I excelled in Math and Science but struggled with English. I remember doing most of my English reading assignments with books-on-audio. They held my attention.
Yet at 23 years old I graduated from Ohio State University cum laude with distinctions and had written two theses (one published). I started my private practice at the ripe old age of 26. The Type A personality helps.
I hope that in sharing all of this, mothers will not be so hard on themselves, as I often see. Furthermore, disabilities are not synonymous with impaired cognition. As a clinician, I see this far too often… mommies questioning themselves and trying to pinpoint the reason. When a child is diagnosed with a disability or even when you suspect there is a problem, the questions begin to stream in.
What did I eat/drink during pregnancy, OMG I had Botox when I did not know I was pregnant yet (I really did with my JoJo!), I had a little too much fun at that party that night….. Even I, as a respected professional with all the knowledge I have (and there is still so much I don’t know), could not have prevented Niko’s speech-language delays and sensory processing problems. It is just the genetic make-up my little Niko man was born with. Just like my daughter was tongue-tied and recently had surgery. Yes, very ironic for this SLP mommy!
The denial and depression phase of the grieving process are the hardest. What is even more difficult is when mom and dad are not at the same phase within the grieving process. It has been my experience that daddies tend to hang out in the denial phase for a much longer period of time, compared to mommies. I often see “mother’s intuition” keeping her completely away from the denial phase and shifting straight into acceptance and taking action. Thank you Mother Nature! Mommies sadly will hang out in the depression phase far too long, due to feelings of responsibility, helplessness, and even feelings of taking on the challenges of a special needs child alone.

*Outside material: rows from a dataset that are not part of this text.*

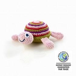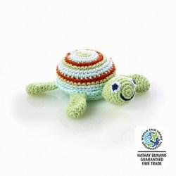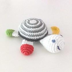 Our lovable turtle baby toy is a best seller with its striking pastel green, blue and red stripes and sweet smile. This handmade cotton turtle rattle is perfect for tummy time.
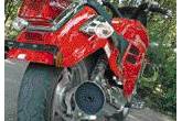 Ярко-красный окрас и солидный пластиковый обвес скутер-байка, попавшего ко мне на тест, несколько озадачивал. Еще больше меня заинтриговало наличие на байке встроенной акустической системы! Если по посадке и геометрии шасси он был чоппером, то все остальные признаки говорили о его скутерных составляющих. Красный цвет больше подходит спортивному мотоциклу, а защитные элементы, выпирающие по бокам, и акустическая система — туристу. Дикая смесь! И только после того, как я проехал на Альфамото V3 с десяток километров, понял, насколько легко уживаются в нем столь разные типажи.
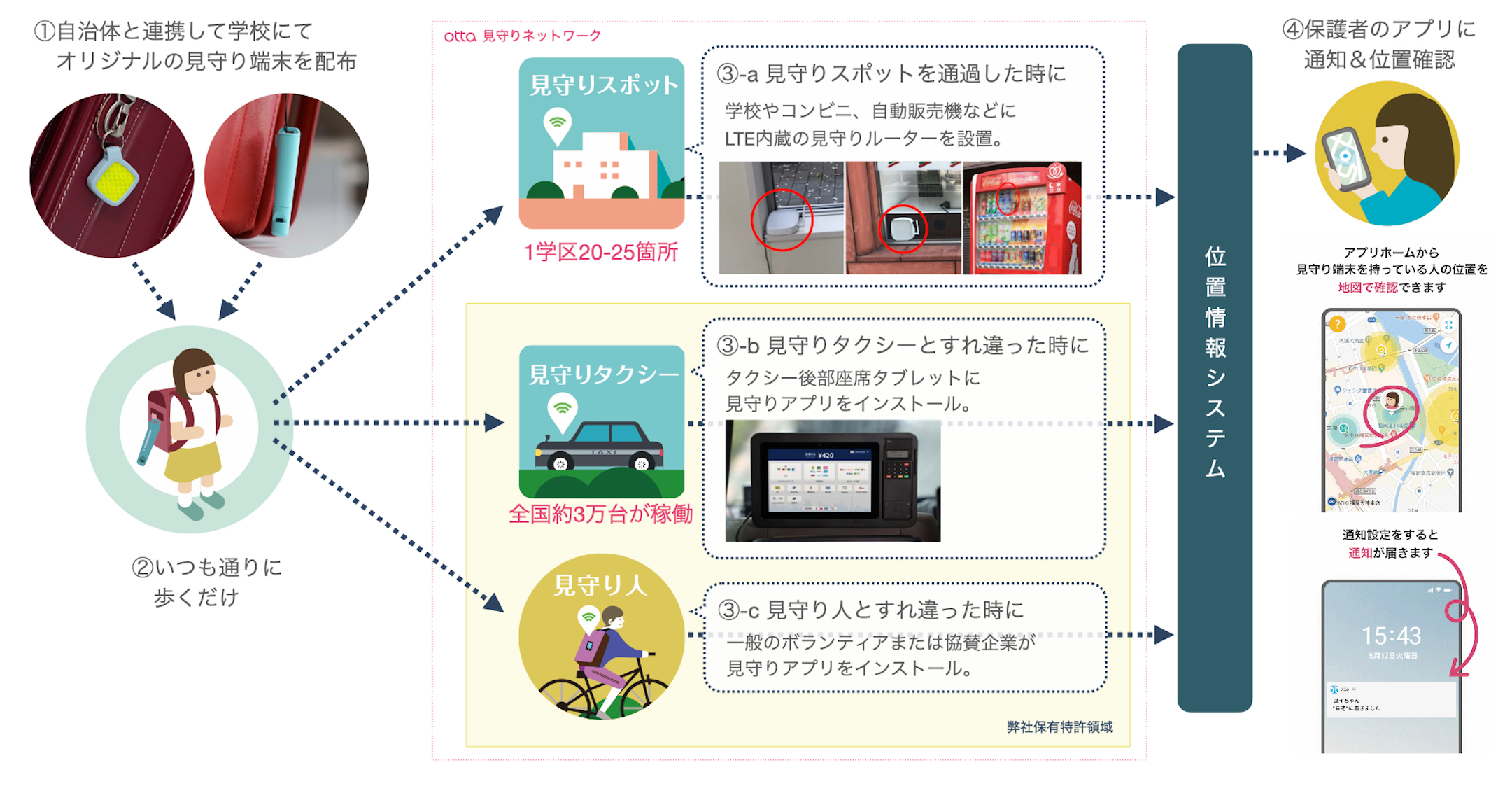 全ての子どもたちに見守り端末を無償で配布し無料で利用できる緊急時のセーフティーネットを構築。見守り端末を持っている子どもが、見守りスポットを通過した記録と「見守り人」とすれ違った際に位置情報が記録されます。
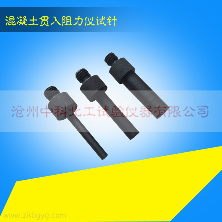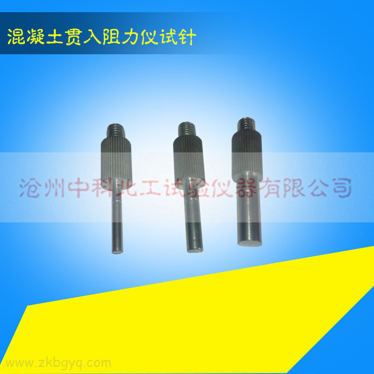 3、選裝上合適的貫入針。350N對(duì)應(yīng)初凝貫入阻力(即2~3.5Mpa,此時(shí)用100 mm2貫入針);1000N對(duì)應(yīng)中間貫入阻力(即3.5~20Mpa,此時(shí)用50 mm2貫入針);560N對(duì)應(yīng)終凝貫入阻力(即20~28Mpa,此時(shí)用20mm2貫入針)。
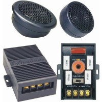| Typ reproduktorůKoaxiální reproduktory: Koaxiální reproduktory se vyznačují konstrukcí tzv. vše v jednom. Výškový a středobasový reproduktor jsou v jednom koši. Výhodou je jednodušší montáž, ale díky spojení resp. blízkosti pásem v jednom reproduktoru, se obvykle sníží kvalita zvuku. Zpravidla uprostřed středobasového reproduktoru, je výškový reproduktor, jehož kmitací cívka pracuje ve druhé vzduchové mezeře společného magnatického obvodu. Třípásmový koaxiální reproduktor se skládá ze středobasového reproduktoru, ve předu na zvláštním nosníku je středový reproduktor a samostatný výškový. Komponentní reproduktory: Komponentní reproduktory se vyznačují rozdělením na jednotlivá frekvenční pásma, výškové + středobasové + popř. basové pásmo. Jednotlivé reproduktory se dají umístit zcela odděleně, což má za výsledek lepší zvukový i akustický projev. V drtivé většině případů komponentních reproduktorů je dodávaná i externí výhybka, která rozděluje výškové, středové / středobasové a u třípásma i basové pásmo popř. umožňuje nastavení decibelové úrovně u výškového reproduktoru (např. +2 dB, 0 dB, -2 dB), strmosti (např. 6dB/Okt. 12dB/Okt.) či aktivní nebo bi-amp zapojení. | Výškové |

Focus on what you can control. I can control my acceptance of the challenges he has. I can control my steps to take action to help him in any way I can. I can control my attitude and actions.
The brain is so pliable at a young age, and one can absolutely develop new neurological pathways for many cognitive processes, skills and motor plans. Truly amazing. I have worked with so many families who were told their child would not speak. Do not give up hope.
Thank you Lynn for sharing your story!